The enigma of Nasca civilization

Jun 7, 2007 06:46 GMT  ·  By

Being light-headed was brought to the extremes by ancient Peruvians.

A decapitated skeleton discovered in a tomb of Nasca, the ancient civilization that bloomed in southern Peru from A.D. 1 till 750, offers more explanations about this civilization of head hunters.

People belonging to this civilization are famous for being the authors of the giant "Nasca lines" in the earth that depict figures only visible from the sky and for practicing human sacrifices and their modified trophy human heads. Still, the researchers debate whether the trophies came from war enemies or Nasca people sacrificed in rituals.

The skeleton was found in 2004 in La Tiza site by Christina Conlee, an archaeologist at Texas State University and the body was located cross-legged with a ceramic "head jar" on the left of his body.

"The age and condition of both the body and the jar, which is painted with two inverted human faces, suggests that the victim was killed in a rite of ancestral worship. This research is important because it provides new information on human sacrifice in the ancient Andes and in particular on decapitation and trophy heads," said Conlee.

"The skeleton appears to belong to a 20- to 25-year-old male and bears gruesome evidence of the decapitation, including cut marks indicating that the bone was fresh when damaged. Someone spent quite a bit of effort cutting off the head, mostly likely with a sharp obsidian knife," Conlee noted.

This is the third known Nasca head jar encountered with a decapitated body. Head jars discovered at other Nasca sites were linked with high-status burials, but it is just speculation. The new skeleton belongs to the Middle Nasca period, 450 to 550 A.D., but the artifacts were typical for the Early Nasca period, 1 to 450 A.D.

"This placement suggests that the killing was an act of ancestral worship and that the sacrifice was meant to honor the forebears buried in the cemetery. This man may have been sacrificed in order to appease the ancestors of the community and therefore ensure continuation of life at the villages," she explained.

The head jar is painted with the reversible image of a human face that can be watched right-side up or upside down, thus the jar could have been a substitute for the victim's missing real head.

"The La Tiza head jar was a rather literal replacement and reflects the Nasca belief that a person needed to have a head when he entered the afterlife," Conlee said.

"Decorations on head jars suggest they were used for both human- and crop-fertility rituals. Head jars often have images of plants growing out of them, suggesting a direct link to agriculture fertility, as well as a desire to continue the fertility of the people in the community," she added.

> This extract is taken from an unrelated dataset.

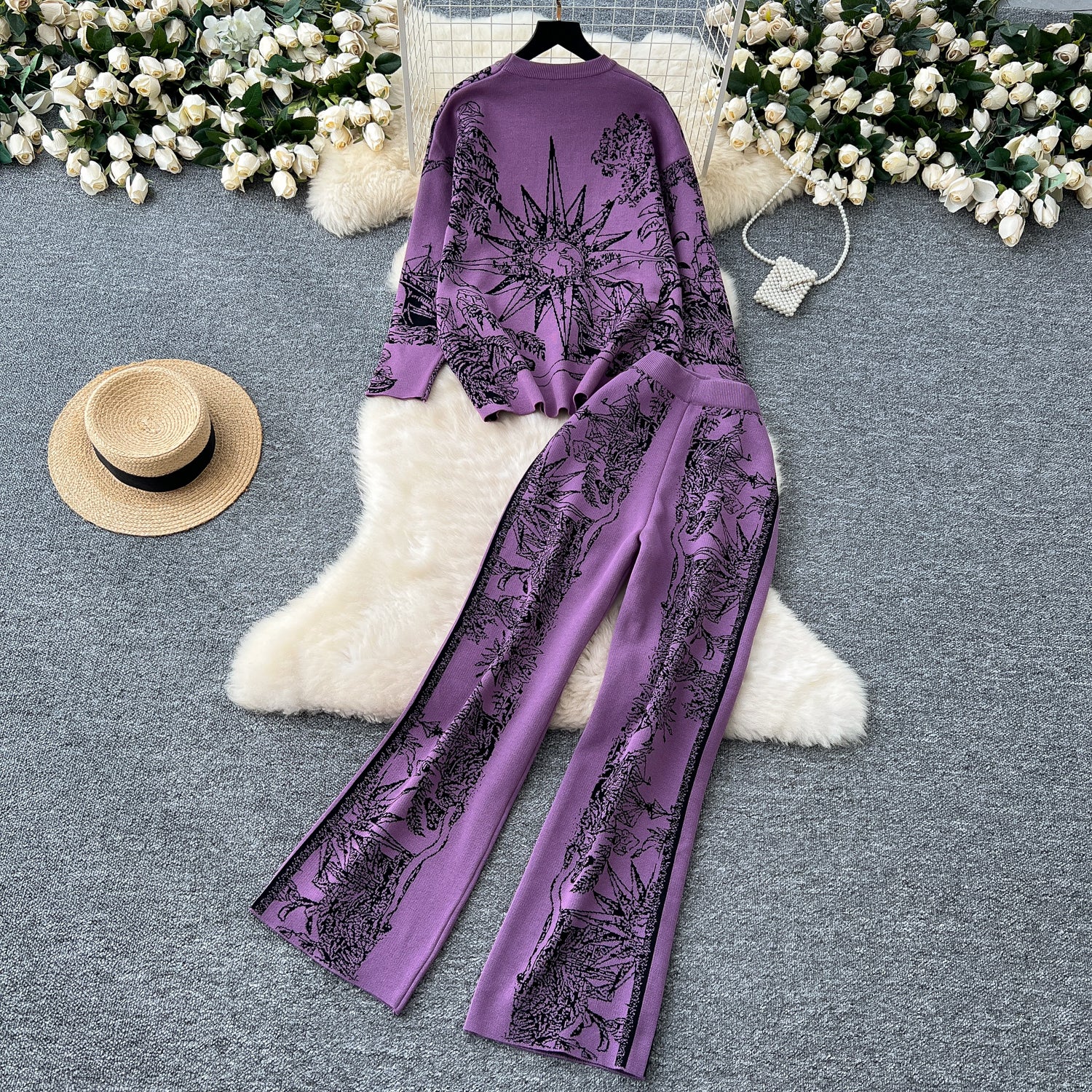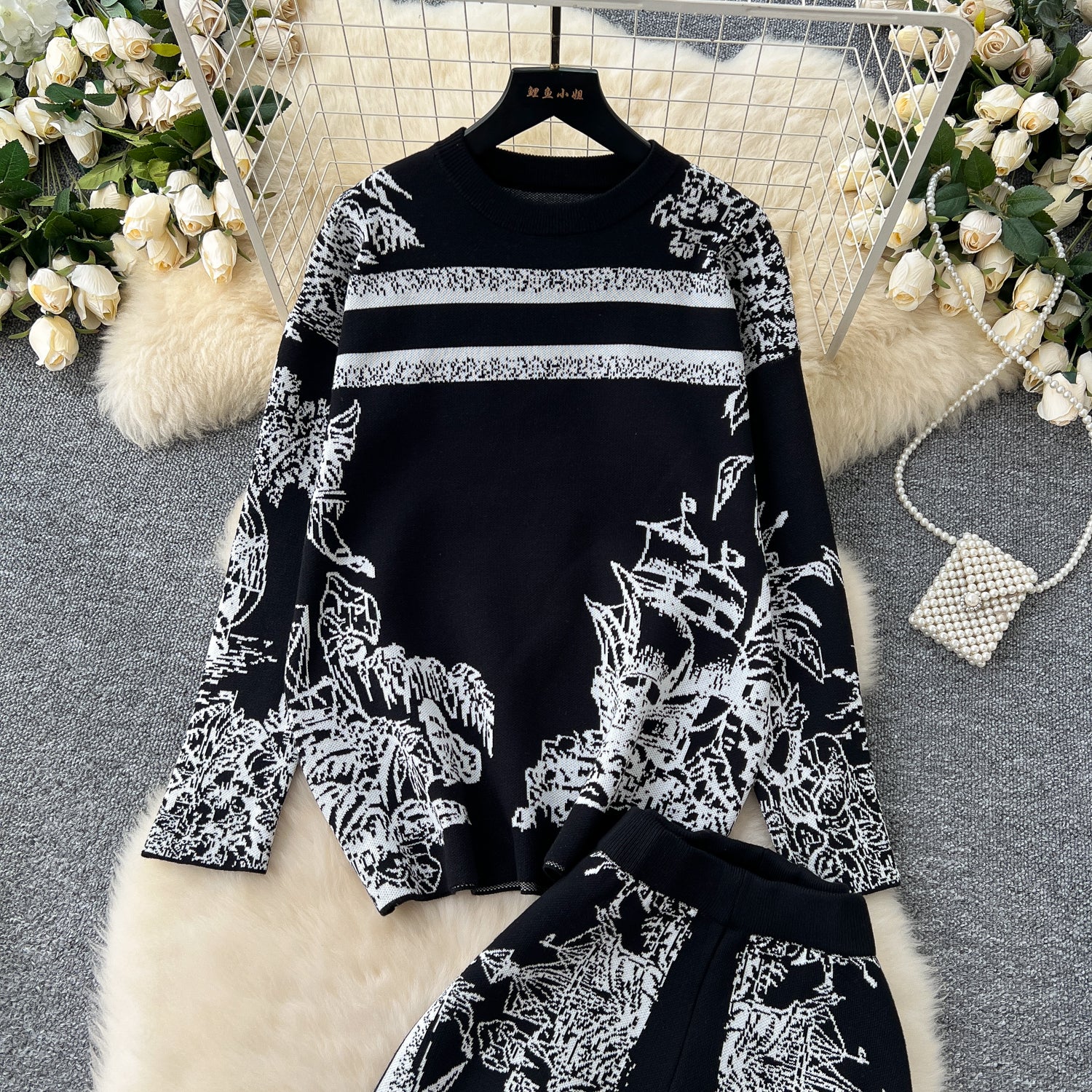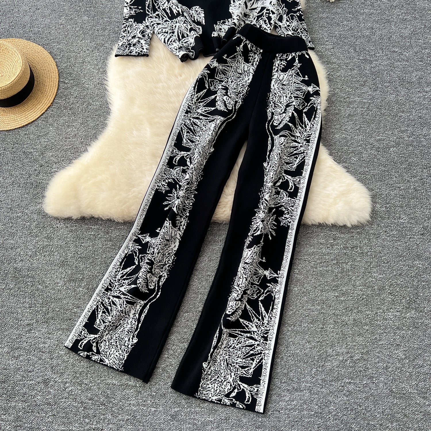 Conjunto Cardigã Jacquard Manga Longa Calça Bianca

Still, others believe the discovery belongs to a war casualty.

"One alternative explanation is that this might simply have been someone who had been killed and decapitated in a raid and whose body subsequently was recovered by relatives who gave it a proper burial, with a ceramic vessel replacing his lost head," held out John Verano, an expert in Nasca culture and archaeologist from Tulane University.